Caught between two worlds: Being at home vs being in Oxford
Despite its many benefits, life in Oxford can be a constant challenge. In my experience, the key to survival is stamina. Though short, its terms resemble a marathon more than a sprint. Academic life isn’t just difficult; it’s monotonous. The constant deadlines seem to erode any sense of accomplishment: completing one piece of work is merely the first step in beginning the next. Everything you learn starts to blur together. Lectures, tutorials, and essays all become part of the same, dull routine.
The social side of life doesn’t fare much better. It’s no secret that Oxford is a small city, and the collegiate system serves to make it seem smaller still. Being surrounded by the same people can be reassuring. There’s so much to do and so many people to do it with. And yet, after weeks of prolonged contact, this comfort starts to resemble claustrophobia. Leaving your room to do something as simple as checking your pidge can turn into a fifteen minute ordeal in which you have to make small talk with almost everybody you know.
The free time that you do have is soon overrun by all the opportunities that Oxford has to offer. Combined with the workload, it feels as if there’s no time left to breathe, let alone sleep. By 8th week, I find myself desperate to escape. Overworked, overtired and overwhelmed- nothing seems more welcoming to me than the familiarity of home.
The novelty of being back home wears off and the feeling of normality morphs into boredom. With nothing else to do, there’s only one option left: work
The vac brings the promise of freedom from Oxford’s stifling routine. Having left an environment in which six hours of sleep is a luxury, most this translates as the freedom to rest. I for one spend most of my first week back home snuggled under a blanket, reveling in the feeling of not being exhausted. It’s this freedom that makes coming home so refreshing. Where your days were once filled with an endless stream of work, there’s now space for reunion with those you left behind. In fact, returning to my hometown often feels like meeting with an old friend. Walking through its streets, seeing what’s changed- it’s like a conversation.

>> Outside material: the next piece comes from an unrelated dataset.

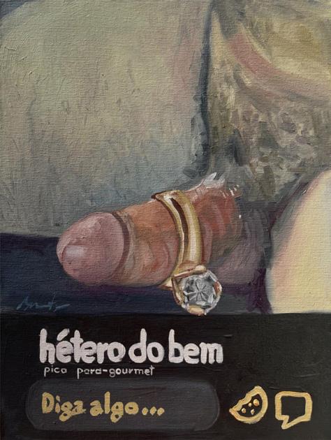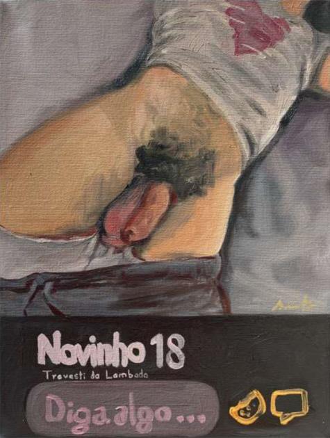 Óleos sobre tela da série A lista das putas astrais do Grindr: A obra de arte na era da sua reprodutibilidade técnica (2024); Dama do laquê (2024); Hétera de Dionísio (2024); Hétero do bem (2024); Jogador de bola (2024); Novinho 18 (2024); Transparente (2024); e Obsidian-Oblivian (2025).

For me, there are few things more reassuring than visiting my favourite café during the vac. All it takes is cup of coffee, and in no time at all, I’m overcome with the feeling that I never even left. Everything is familiar and comforting, yet there’s now time to catch up on all the things you’d missed out in Oxford.
However, the fun is short-lived. After a brief period of respite, you’re left with an overwhelming amount of time to fill. In the end, the vac is never all it’s cracked up to be. What you envisioned as six weeks of non-stop fun, instead plays out as long days spent in the house alone. Plans fall through, friends are busy and you’re faced with the fact that in your absence, people have developed lives separate from yours. Compared to the bustling social life of college, the vac is lonely.
The novelty of being back home wears off and the feeling of normality morphs into boredom. With nothing else to do, there’s only one option left: work. But, removed from the structure of term, revising for collections can seem like an insurmountable task. Before you know it, you’re ten episodes into a Netflix binge, contemplating your love-hate relationship with Riverdale and wondering where exactly it all went wrong.
As much as Oxford can be overwhelming, it does have a unique atmosphere. Although it can get tough, there’s a sense that everyone is in the same boat. It’s this camaraderie- both spoken and unspoken- that makes the whole experience manageable. By comparison, revising at home in the vac can feel like trying to get blood out of a stone. Being in Oxford makes academic work so much easier. It means living within walking distance of several libraries, having the motivation that comes from being surrounding by other students and access all the resources you need. And when the pressure becomes too much, there are people to turn to. Welfare officers, peer mentors, chaplains- none of these resources are available when you’re away.
Especially for those who don’t know many people at Oxbridge, or at university at all, it can hard to find anyone who understands your frustration. In contrast, living close to friends means that there’s always someone to turn to for a chat or a cup of tea. Though college may feel claustrophobic at times, there’s a real sense of community. The friendships I’ve made at Oxford so far are some of the ones I treasure most. There’s also no shortage of activities to fill your precious free time with. It wouldn’t be an exaggeration to say that there’s something for everybody. It’s the stark contrast between this hive of activity and the comparative boredom of the vac that makes me appreciate the University for what it is.
The fun is short-lived. After a brief period of respite, you’re left with an overwhelming amount of time to fill.
I may miss home when I’m at Oxford, but at the same time, I miss Oxford when I’m at home. And therein lies the problem. It’s a classic case of the grass being greener on the other side. When it comes down to it, I don’t think that being at home is better than being at Oxford or vice versa. Both environments have their advantages and disadvantages. But it’s the experience of dividing my time between both that I find most difficult. Oxford is a bubble in every sense of the word. Combine that with the inconvenience of lugging your possessions from one place to another and it becomes hard to ever feel settled.
So, what’s the solution? The answer lies not in comparing the two worlds, but in appreciating both. It’s an enormous privilege to study at a university like Oxford; it’s also a relief to escape from it sometimes. By cherishing the time we spend at Oxford and time we spend at home, it might just be possible to reconcile the two.